The CEO of La Frontera, Dan Ranieri, serves on the board of directors of Linkages with Click.
On May 7, Jim Click hosted a fund-raiser for Governor Martinez. Here is the invitation:
Jim Click, Jr. and the Southern Arizona Hispanic Republicans (SAHR) invite you to join Governor Susana Martinez for a reception on Tuesday, May 7, 2013 5:30 p.m. at The Viscount Suite Hotel, Tucson, Arizona $100 per person *Contributions to Susana Martinez for Governor are limited to $10,400 per election cycle per legal entity. Personal, Corporate and PAC contributions are acceptable.*
I wonder if Click introduced Ranieri of La Frontera to the Governor?
This newspaper report says:
The $4.75 million contract with La Frontera provides for hourly pay rates for its top officials for the next 90 days that include $300 an hour for an executive director, $275 an hour for a chief operations officer and a chief financial officer, and $250 an hour for a manager. After 90 days...La Frontera should be fully billing Medicaid and those transitional pay rates will expire, according to HSD...
That's good investigative reporting, Greg. In the game of La Politica, always follow the money. Always.
THE NEW CALENDER
A lot of races don't truly heat up until September or October, but clearly - this one is an exception. Washington Republicans began attacking our campaign just 48 hours after the election because they know what we all know--Martinez is a failed leader. We're pushing back hard on Martinez's lies, but the outcome of this race could come down to how much TV we can afford these next two months.
King's missive again raises the question of him using much more of his own considerable financial resources to compete against the R onslaught. If he doesn't raise big money soon, that will be the issue confronting him.
King's fund-raising prowess was certainly not enhanced when the head of the Democratic Governors Association--Vermont Gov. Peter Shumlin--declared the NM Guv race as unwinnable for the Dems.
Former NM Governor Bill Richardson weighed in here, telling us he has been speaking to Shumlin and believes DGA will reverse the pessimistic statement during the course of the campaign, but so far the group hasn't and that is holding King back. We are even hearing a conspiracy theory that there are some staff at the DGA that really doesn't want King to win. Check it out, Guv. Schumlin. Meanwhile. .

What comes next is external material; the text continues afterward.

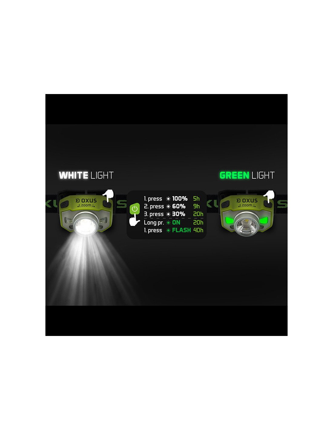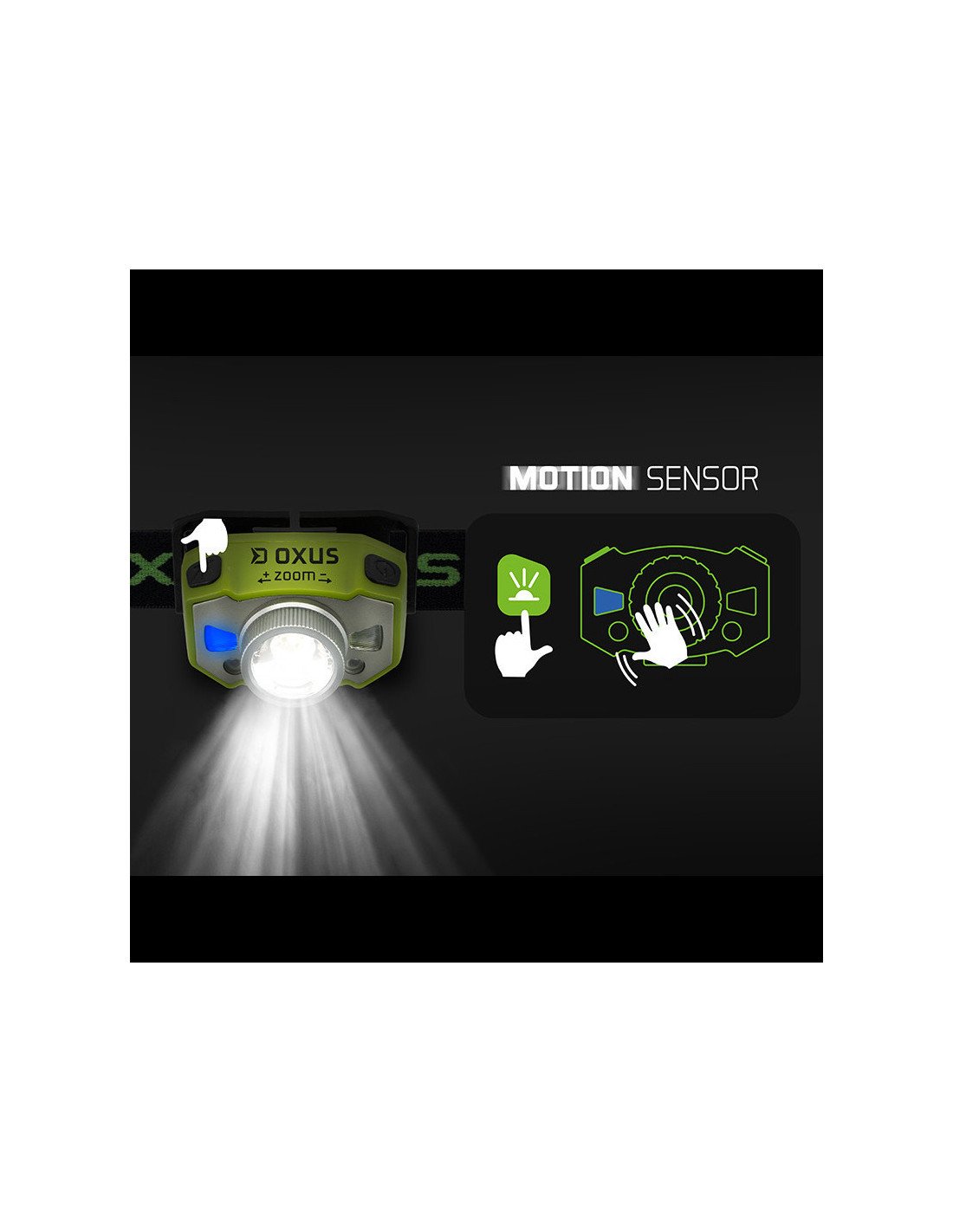 Die Stirnlampe hat eine Leistung von 5 W und eine Lichtstärke von bis zu 300 lm. Dank dieser Parameter und der Möglichkeit, den Lichtstrahl zu fokussieren, wird es kein Problem sein, Ihre unmittelbare Umgebung, aber auch die entfernten Ziele ausreichend zu beleuchten. OXUS ZOOM ist mit einem Bewegungssensor ausgestattet, der das Ein- und Ausschalten mit einer Handbewegung erleichtert.

Schumlin also pronounced the chances of Dem Wendy Davis taking the Texas governor's race as highly improbable. That statement was a shocker because even if Dems can't win it this year, the state is seen as trending Dem in the long-term and the Davis candidacy is seen at a minimum as a building block.
Rather than take her whipping from the DGA lying down, the Davis campaign lashed out at Schumlin, calling him a Washington desk jockey:
The uninformed opinions of a Washington, D.C., desk jockey who's never stepped foot in Texas couldn't be less relevant to what's actually happening on the ground.
Wendy and company can afford to be cavalier towards the DGA. She became a national political star when she filibustered an ant-abortion bill in the Texas legislature. Her campaign has raised over $20 million. As for the DGA, the slogan accompanying this blog item sums it up for the critics:
"Republicans didn't get to where they are without a fight, but the Democrats sure as hell did."